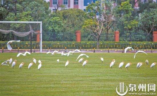 不少牛背鹭停在校园足球场上 (张逸 供图)
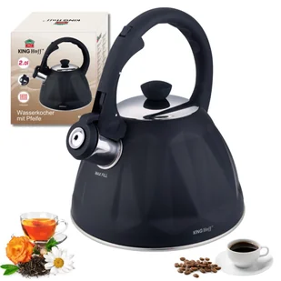 Czajnik z gwizdkiem, 2 L, czarny mat, stal nierdzewna KINGHOFF
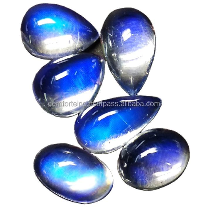 อัญมณีทรงวงรีทรงหลวม100% พลอยสีขาวน้ำเงินแวววาวแวววาวสีขาวธรรมชาติขัดเงาสวยงาม

◆ EXERCISE DIRECTIONS
Would you return the data above exactly as written, minus the images?

◆ OUTPUT BELOW
 不少牛背鹭停在校园足球场上 (张逸 供图)
 Czajnik z gwizdkiem, 2 L, czarny mat, stal nierdzewna KINGHOFF
 อัญมณีทรงวงรีทรงหลวม100% พลอยสีขาวน้ำเงินแวววาวแวววาวสีขาวธรรมชาติขัดเงาสวยงาม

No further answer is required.